Tuesday, 16 August 2022

Swiss scientists create artificial viruses to combat cancer cells

29 May 2017 | News

The researchers built artificial viruses based on lymphocytic choriomeningitis virus (LCMV), which can infect both rodents and humans.

Swiss scientists from the University of Geneva (UNIGE), Switzerland, and the University of Basel have created artificial viruses that can be used to target cancer. These designer viruses alert the immune system and cause it to send killer cells to help fight the tumor.

Stimulating the immune system to specifically and wholeheartedly combat cancer cells, however, has remained a distant goal. Researchers have now succeeded in manufacturing innovative designer viruses that could do exactly that.

The researchers built artificial viruses based on lymphocytic choriomeningitis virus (LCMV), which can infect both rodents and humans.
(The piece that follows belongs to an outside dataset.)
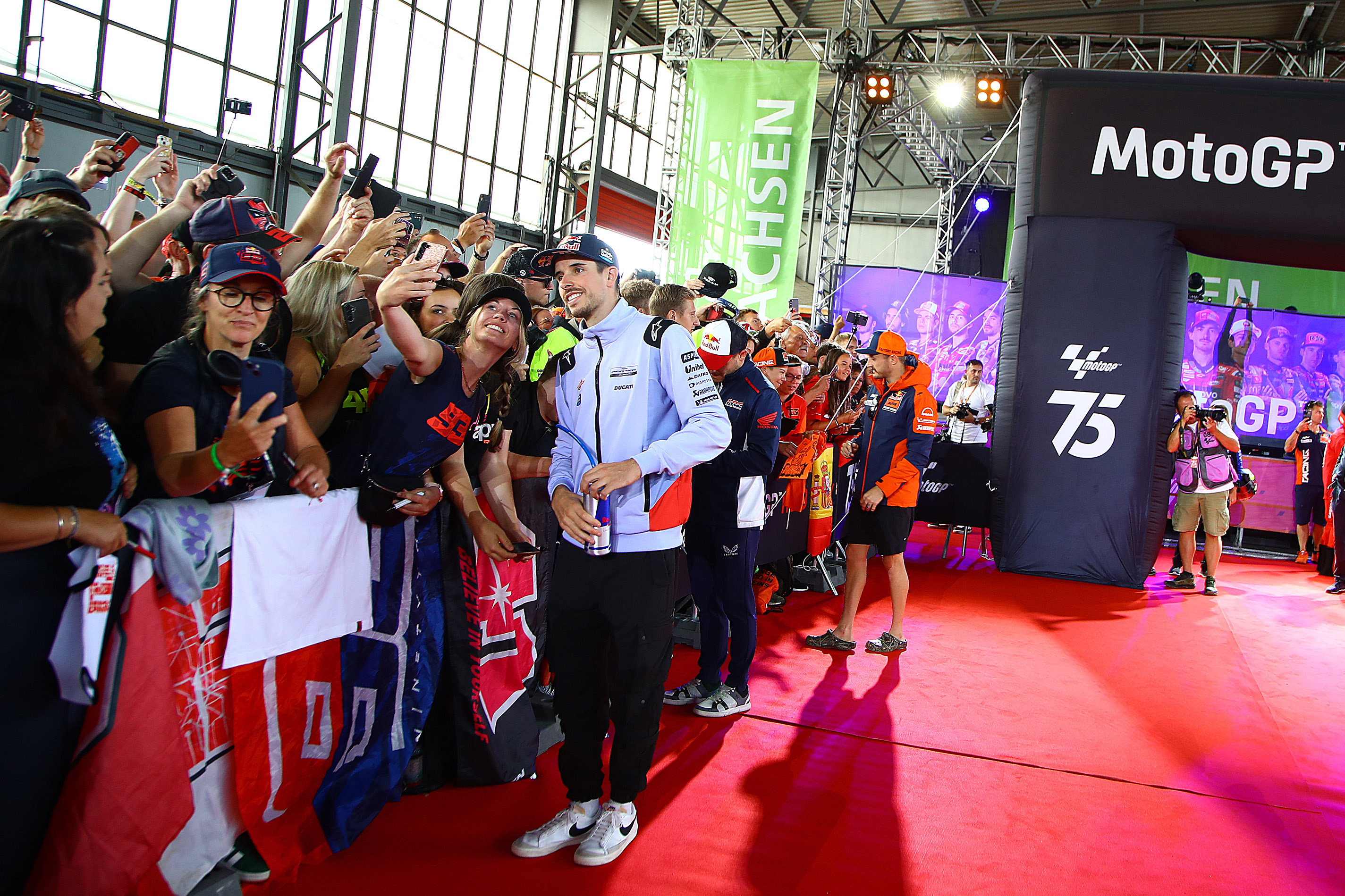 The Liqui Molo MotoGP Germany gives fans the closest-possible access to the MotoGP stars. During the pit walk on the Thursday, spectators will have the opportunity to watch their heroes and the teams at work in the pit lane. The MotoGP Hero Walk puts the spotlight on the riders once again: On the Saturday afternoon, the Moto2 and Moto3 riders will introduce themselves in the karting hall. Then, on the Sunday morning after the riders’ parade, the MotoGP riders will gather for the Hero Walk.

Although they were not harmful for mice, they did release the alarm signals typical of viral infections. The virologists also integrated certain proteins into the virus that are otherwise found only in cancer cells. Infection with the designer virus enabled the immune system to recognize these cancer proteins as dangerous.

This very promising designer virus has already been patented through Unitec, a structure that offers advice as well as industrial and financial contacts to UNIGE, the University Hospital and the University of Applied Sciences and Arts of Geneva researchers.